PROBLEM STATEMENT » Set down, exactly as written, the lines from the top of the data to the line that holds "Вкусное и полезное", and omit the pictures.
─── STUDY MATERIAL
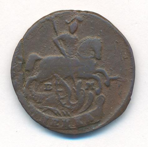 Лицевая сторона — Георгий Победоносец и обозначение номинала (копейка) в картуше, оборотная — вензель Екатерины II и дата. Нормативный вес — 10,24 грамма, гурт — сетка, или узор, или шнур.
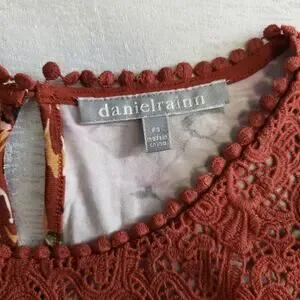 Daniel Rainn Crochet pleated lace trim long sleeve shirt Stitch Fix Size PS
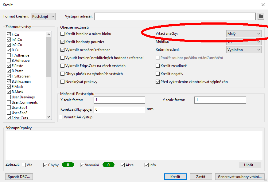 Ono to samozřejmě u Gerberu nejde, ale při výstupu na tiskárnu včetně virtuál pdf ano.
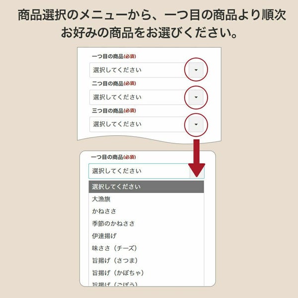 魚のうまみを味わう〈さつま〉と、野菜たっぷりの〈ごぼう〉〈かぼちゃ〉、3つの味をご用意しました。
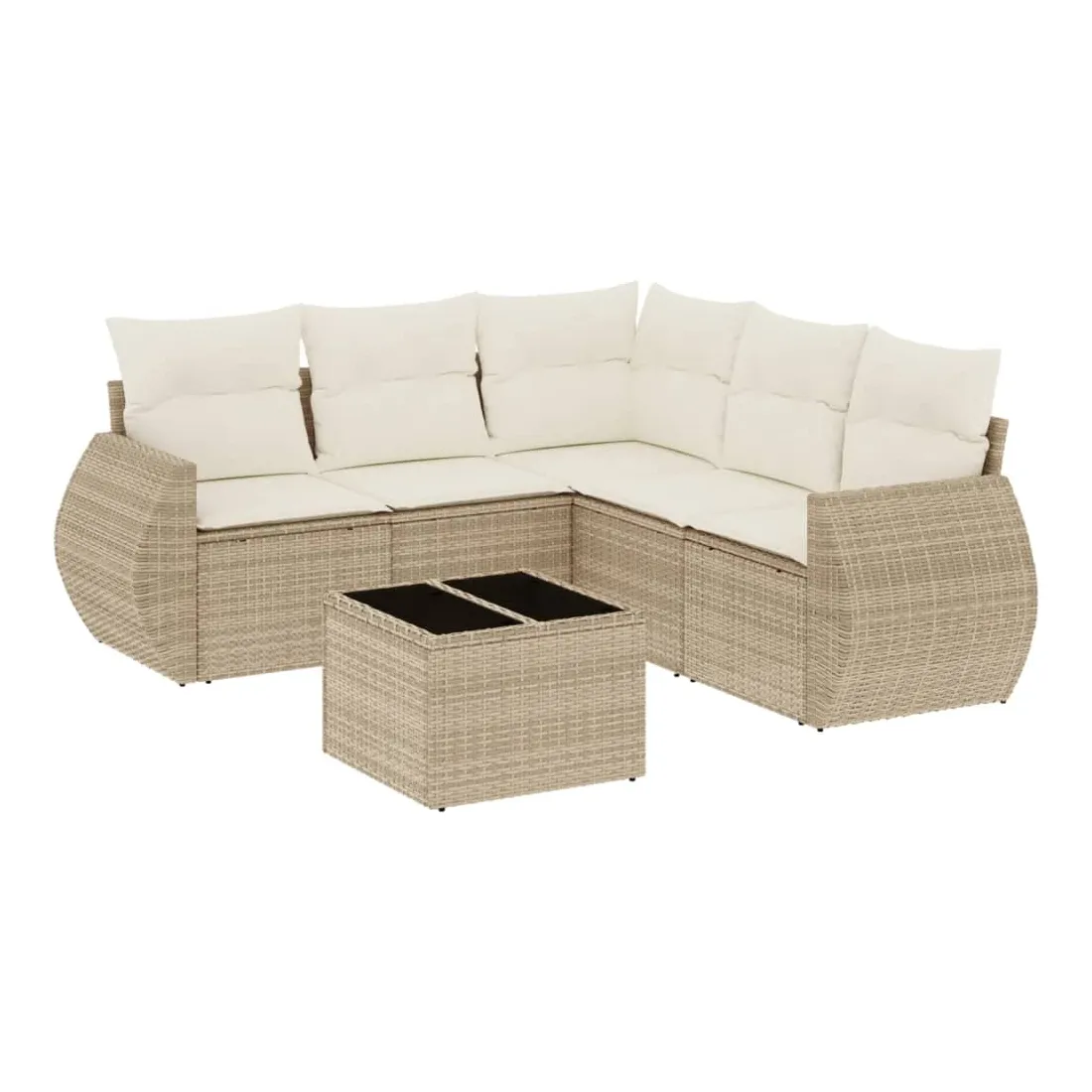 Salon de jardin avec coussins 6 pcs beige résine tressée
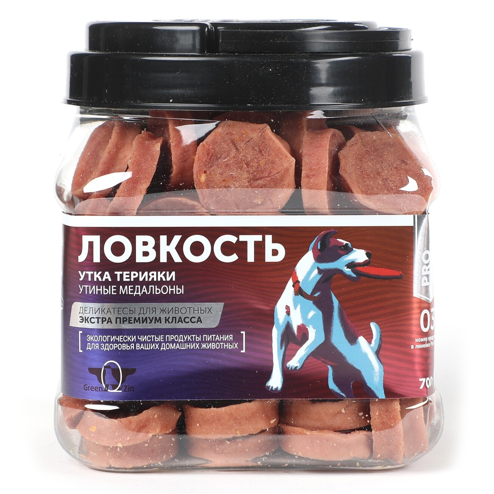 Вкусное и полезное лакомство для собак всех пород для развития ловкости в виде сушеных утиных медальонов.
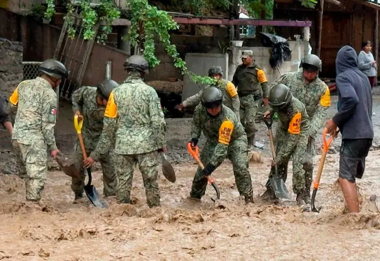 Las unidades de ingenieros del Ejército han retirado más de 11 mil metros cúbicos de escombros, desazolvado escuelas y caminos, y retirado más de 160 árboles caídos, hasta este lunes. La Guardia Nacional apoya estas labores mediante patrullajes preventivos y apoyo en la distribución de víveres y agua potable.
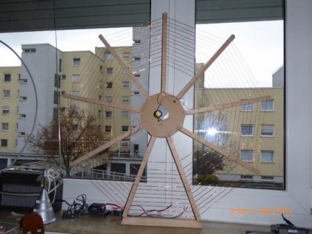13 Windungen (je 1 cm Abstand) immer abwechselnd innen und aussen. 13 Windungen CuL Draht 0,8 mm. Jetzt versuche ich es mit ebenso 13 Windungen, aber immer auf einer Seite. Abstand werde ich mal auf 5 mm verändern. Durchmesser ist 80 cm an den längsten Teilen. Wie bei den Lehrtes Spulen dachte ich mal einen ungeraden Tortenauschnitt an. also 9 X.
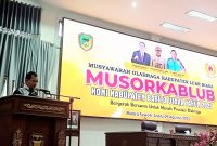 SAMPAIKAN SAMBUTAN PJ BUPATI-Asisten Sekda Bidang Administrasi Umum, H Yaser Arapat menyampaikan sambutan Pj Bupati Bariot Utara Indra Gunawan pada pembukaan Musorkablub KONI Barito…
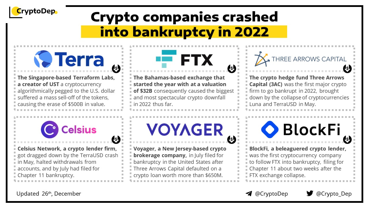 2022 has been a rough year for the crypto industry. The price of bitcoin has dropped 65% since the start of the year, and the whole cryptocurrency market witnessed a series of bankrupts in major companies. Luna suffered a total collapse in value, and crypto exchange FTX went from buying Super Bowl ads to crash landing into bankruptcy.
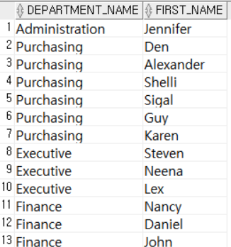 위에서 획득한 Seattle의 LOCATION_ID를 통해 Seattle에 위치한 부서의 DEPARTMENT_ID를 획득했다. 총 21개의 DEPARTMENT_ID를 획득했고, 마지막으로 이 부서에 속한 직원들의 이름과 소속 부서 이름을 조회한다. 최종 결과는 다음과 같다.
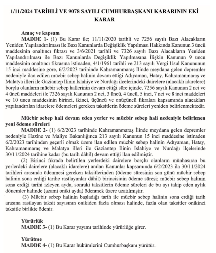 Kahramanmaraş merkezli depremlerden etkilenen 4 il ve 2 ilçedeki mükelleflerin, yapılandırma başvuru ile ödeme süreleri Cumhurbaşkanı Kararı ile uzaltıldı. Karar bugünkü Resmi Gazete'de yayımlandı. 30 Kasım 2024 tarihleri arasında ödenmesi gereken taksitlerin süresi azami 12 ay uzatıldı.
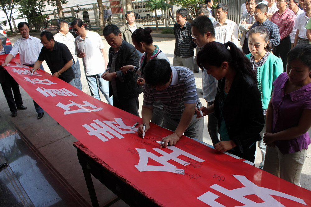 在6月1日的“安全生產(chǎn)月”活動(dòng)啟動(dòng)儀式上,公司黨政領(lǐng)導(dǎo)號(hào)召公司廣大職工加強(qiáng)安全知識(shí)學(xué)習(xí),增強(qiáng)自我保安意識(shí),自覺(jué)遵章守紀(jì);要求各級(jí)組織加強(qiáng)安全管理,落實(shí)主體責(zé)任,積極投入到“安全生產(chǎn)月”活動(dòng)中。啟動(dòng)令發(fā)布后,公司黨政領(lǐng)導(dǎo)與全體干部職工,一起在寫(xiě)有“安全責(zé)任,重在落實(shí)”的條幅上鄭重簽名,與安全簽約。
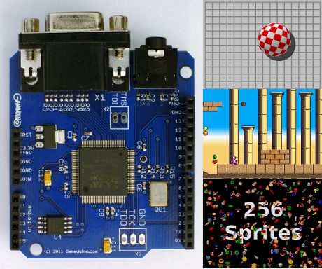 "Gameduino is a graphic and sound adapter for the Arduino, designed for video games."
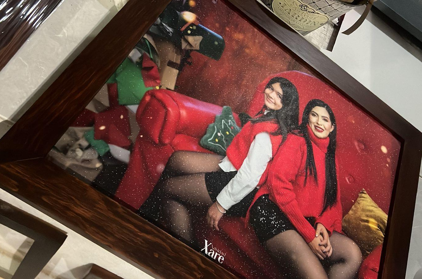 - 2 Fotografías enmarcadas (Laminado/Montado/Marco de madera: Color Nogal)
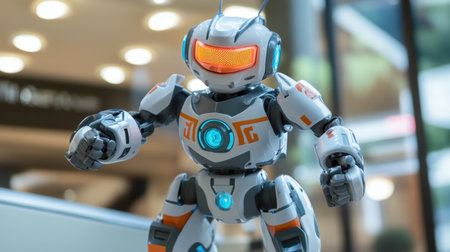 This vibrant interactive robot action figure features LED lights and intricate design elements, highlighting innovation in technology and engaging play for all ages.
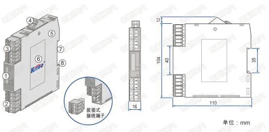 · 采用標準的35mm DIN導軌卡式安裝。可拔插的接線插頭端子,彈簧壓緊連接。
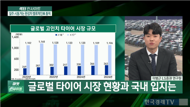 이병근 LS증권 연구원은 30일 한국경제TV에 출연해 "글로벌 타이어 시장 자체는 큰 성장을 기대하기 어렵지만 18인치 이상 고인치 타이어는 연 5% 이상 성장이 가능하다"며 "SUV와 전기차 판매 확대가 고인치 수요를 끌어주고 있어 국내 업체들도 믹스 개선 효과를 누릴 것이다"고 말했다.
──────
RESPONSE »
 Лицевая сторона — Георгий Победоносец и обозначение номинала (копейка) в картуше, оборотная — вензель Екатерины II и дата. Нормативный вес — 10,24 грамма, гурт — сетка, или узор, или шнур.
 Daniel Rainn Crochet pleated lace trim long sleeve shirt Stitch Fix Size PS
 Ono to samozřejmě u Gerberu nejde, ale při výstupu na tiskárnu včetně virtuál pdf ano.
 魚のうまみを味わう〈さつま〉と、野菜たっぷりの〈ごぼう〉〈かぼちゃ〉、3つの味をご用意しました。
 Salon de jardin avec coussins 6 pcs beige résine tressée
 Вкусное и полезное лакомство для собак всех пород для развития ловкости в виде сушеных утиных медальонов.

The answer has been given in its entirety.